The harmonizing vocals in the background compliment the angular edge of the neurotic singing, creating a heavenly instrumental that is as chromatic as it is rusted.
With the first chorus, you begin to see Sham Family for all who have come before — Shame; Joy Division; Idles; Protomartyr; Black Country, New Road; black midi — fragments everywhere. You see it in the energetic, life-giving guitar, the dopesick vocals, and the dissonant atmosphere they inhibit. While Sham Family is indeed a family of punk influence, they are no sham.
Sham Family pushes the envelope past their influences, and degrades their brand of post-punk into a complete skeleton not seen in the current zeitgeist.
The drums devolve into a buoy of rhythm, destroying the fleeting “pop sensibility” before — he’s finally snapped. Every single riff, melody, and calf-sweeping rhythm has been violently sucked out through a neurotic proboscis. While some may think that the song has atrophied, such an assumption is that of a fool. Before the listener unravels an evolution, a transcendence into a greater form.
Instead, the internal chaos and meltdown is portrayed with brutal honesty — every transistor has shorted, and there’s nothing left aside from the deafening thoughts overpowering every emotion. It is working as intended.
“Spit me out, slip in my mess /
Suck out the poison, then take another guess /
A spitting image /
Black mold on black rocks /
Cursed With a tongue to speak /
And a line to cross /
A spitting image /
Down to the bone /
Cursed With a tongue to speak /
And a body that I’ve outgrown”
These vocals turn into howls of entrancing agony. What was once the fleeting echo of post punk, had turned completely into the grunge of no wave.
“Spit” — he screams over a fury of dissonance. A fury of instruments. A fury of himself.
A fury that has destroyed everything in its wake.

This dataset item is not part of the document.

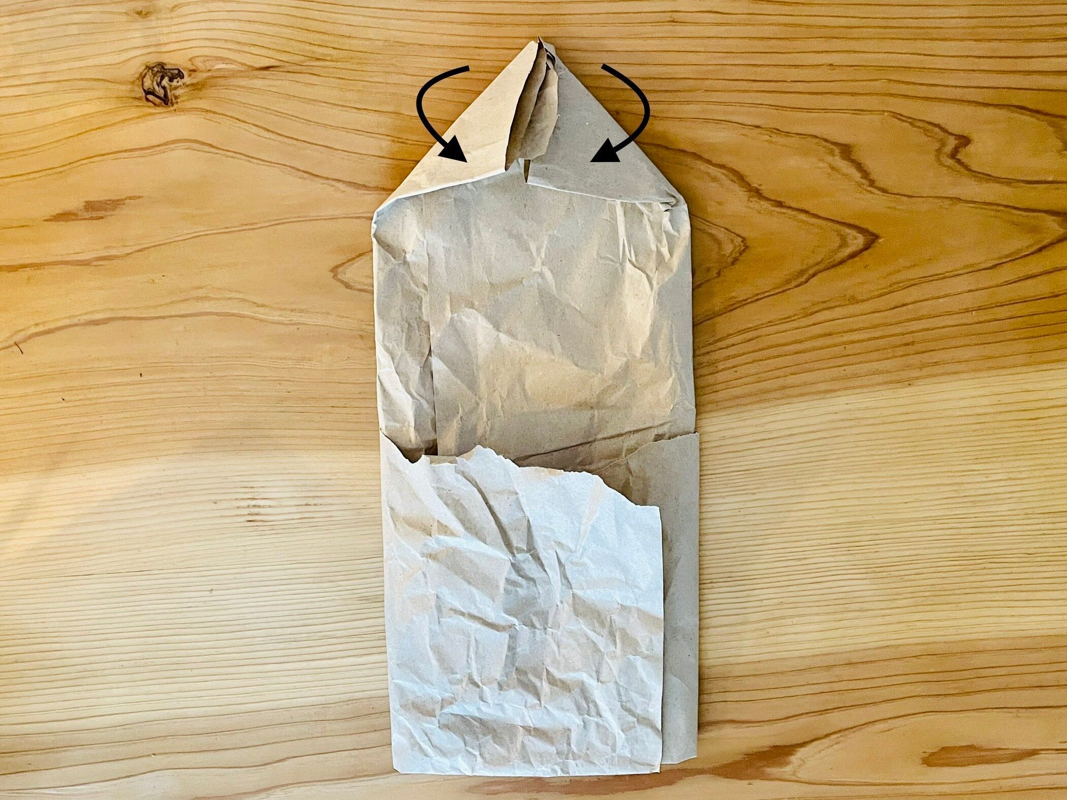 • 上部を三角に折って入れ込む

In the past 7 minutes, Sham Family journeyed on a multi-structural expedition into the tropes and evolution of post-punk. Within their respect for their idols and contemporaries, lies a poignant command and understanding of their craft. While many may see this as derivative, the attention to detail is merely the faux-amateurism of a budding auteur. Will Sham Family be the next great post-punk act? Who knows — but with talent like this, I can only see good things for them in the days to come.